Kommander emits leader-balancer instruments through the Kommander meter:

MetricTypeMeaning
raft.balancer.moves_totalCounterTransfer suggestions by planned, succeeded, or timed_out outcome
raft.balancer.skipped_passes_totalCounterPasses skipped because the report view was incomplete
raft.balancer.count_imbalanceGaugeDistance between the most-loaded node and the ideal leader count
raft.balancer.load_imbalanceGaugeFractional load skew between nodes

The two imbalance gauges are meaningful only on the current partition 0 leader. Other nodes report zero, and the node producing meaningful values changes when partition 0 leadership changes.

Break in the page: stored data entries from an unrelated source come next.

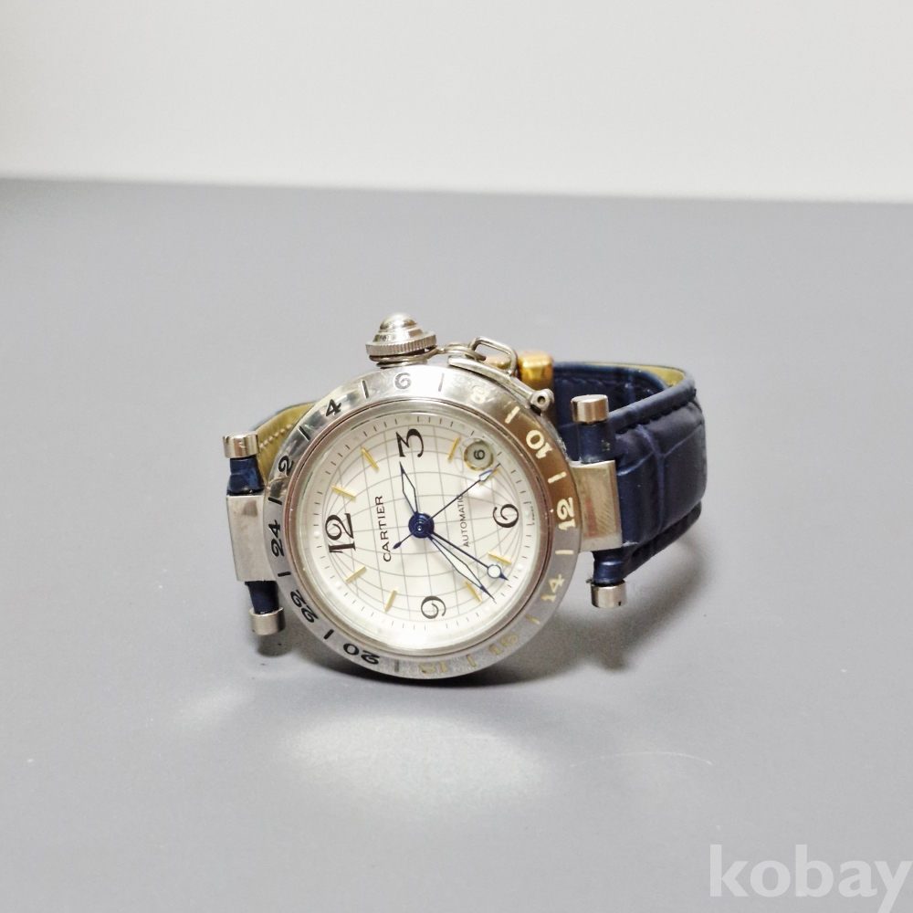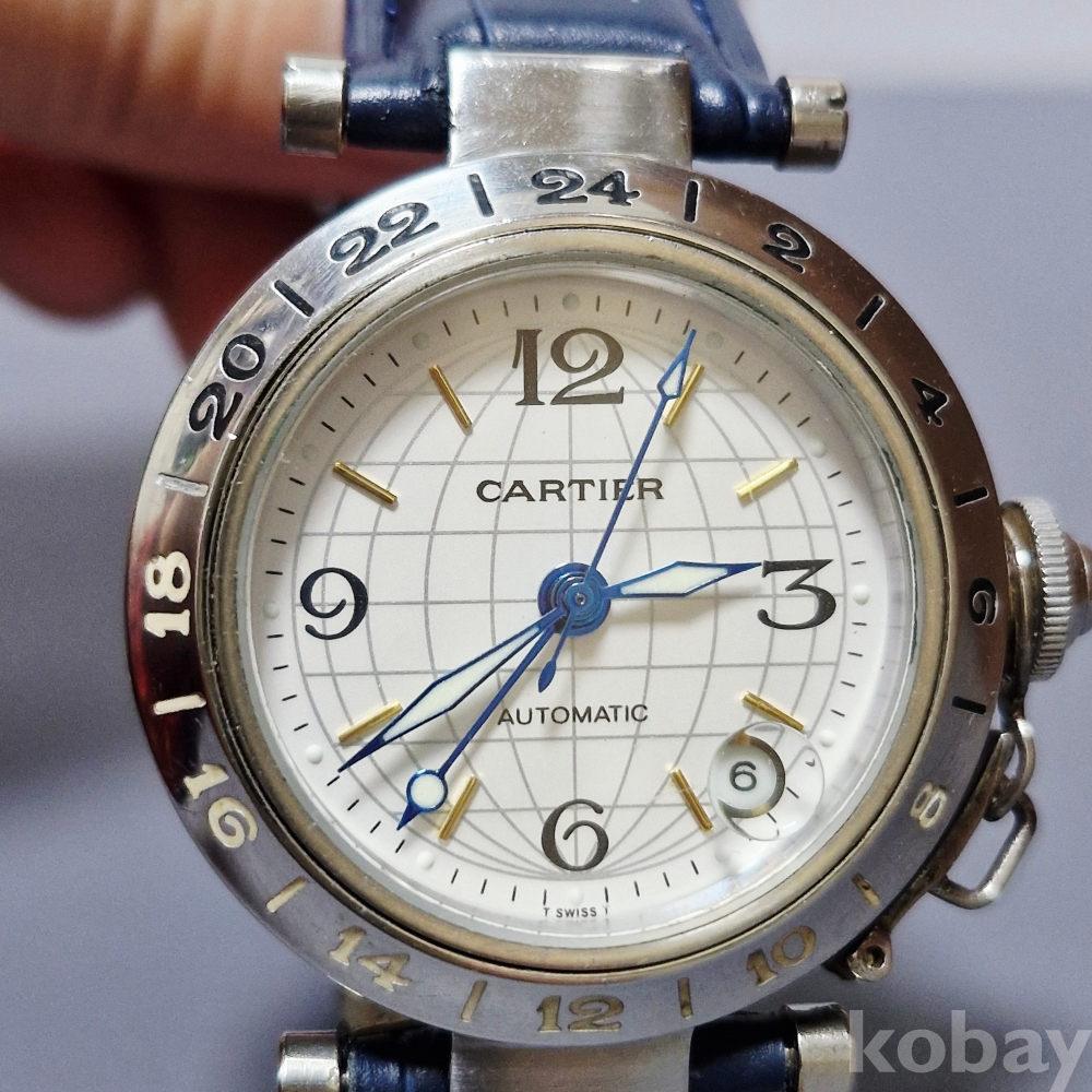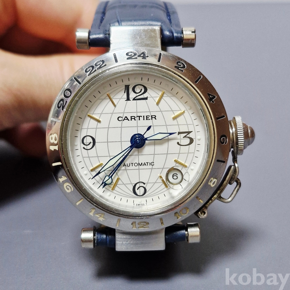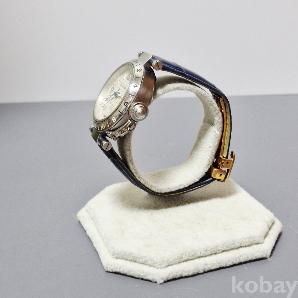 다이얼 중앙의 지구본 그리드 패턴과 블루 스틸 핸즈의 조화가 매우 고급스러운 빈티지 워치입니다.
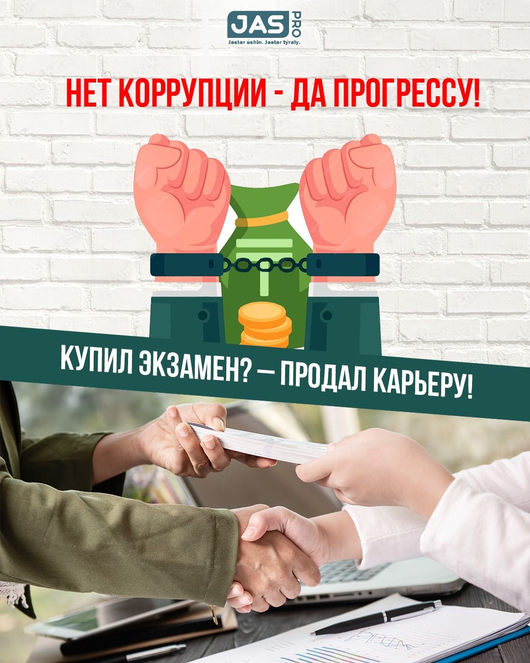 Адал өмір сүр! Өзіңізден бастаңыз! Біз еліміздің болашағымыз, болашағымыз таза, жарқын болуы керек! Жастар жемқорлыққа қарсы! @jasprokrg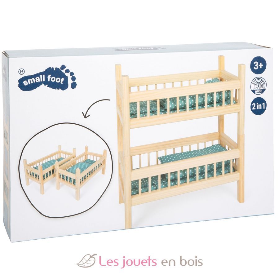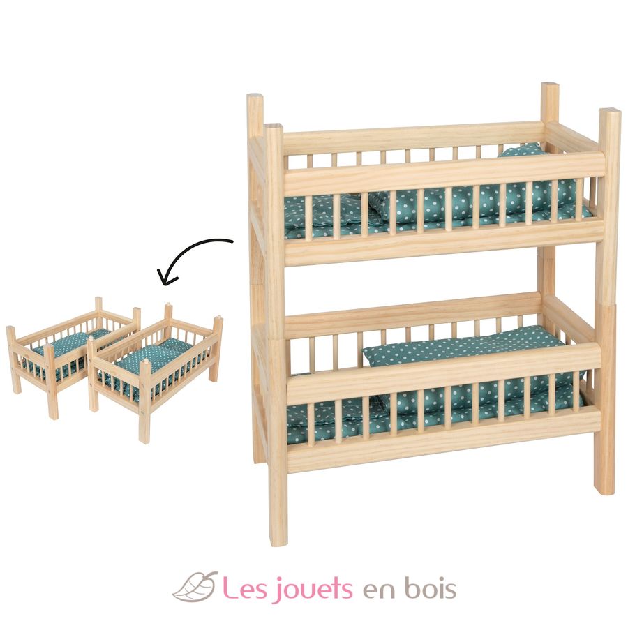 Ce lit superposé pour poupées en bois naturel offre un double confort pendant le sommeil, soit comme deux lits individuels, soit empilés pour gagner de la place comme lit superposé.

The metrics exist inside Kommander, but the deployment must export the Kommander meter through its configured telemetry pipeline before an operator can query them.

Reading the Metrics

  • Healthy convergence: planned moves are followed by succeeded moves, then both imbalance gauges trend toward zero
  • Many timed-out moves: suggestions are not reaching recipients or the suggestion timeout is shorter than report propagation
  • Many skipped passes: at least one active node has missing or stale reports
  • No moves: the cluster may already be inside the configured count deadband and load threshold

Safety and Failure Behavior

The partition leader, not the planner, has final authority over every transfer. A suggestion is ignored when its term, source leader, destination, or partition state is no longer valid.

Other safety properties include:

  • Only the partition 0 leader creates plans
  • An incomplete report view causes the planner to wait
  • Recently elected and recently moved partitions are temporarily ineligible
  • Per-pass and concurrent-transfer limits bound the amount of movement
  • A node failure or election does not get accelerated by the balancer

The expected failure modes are a skipped transfer or an unnecessary transfer. Normal Raft validation prevents the balancer from creating conflicting leaders or losing committed data.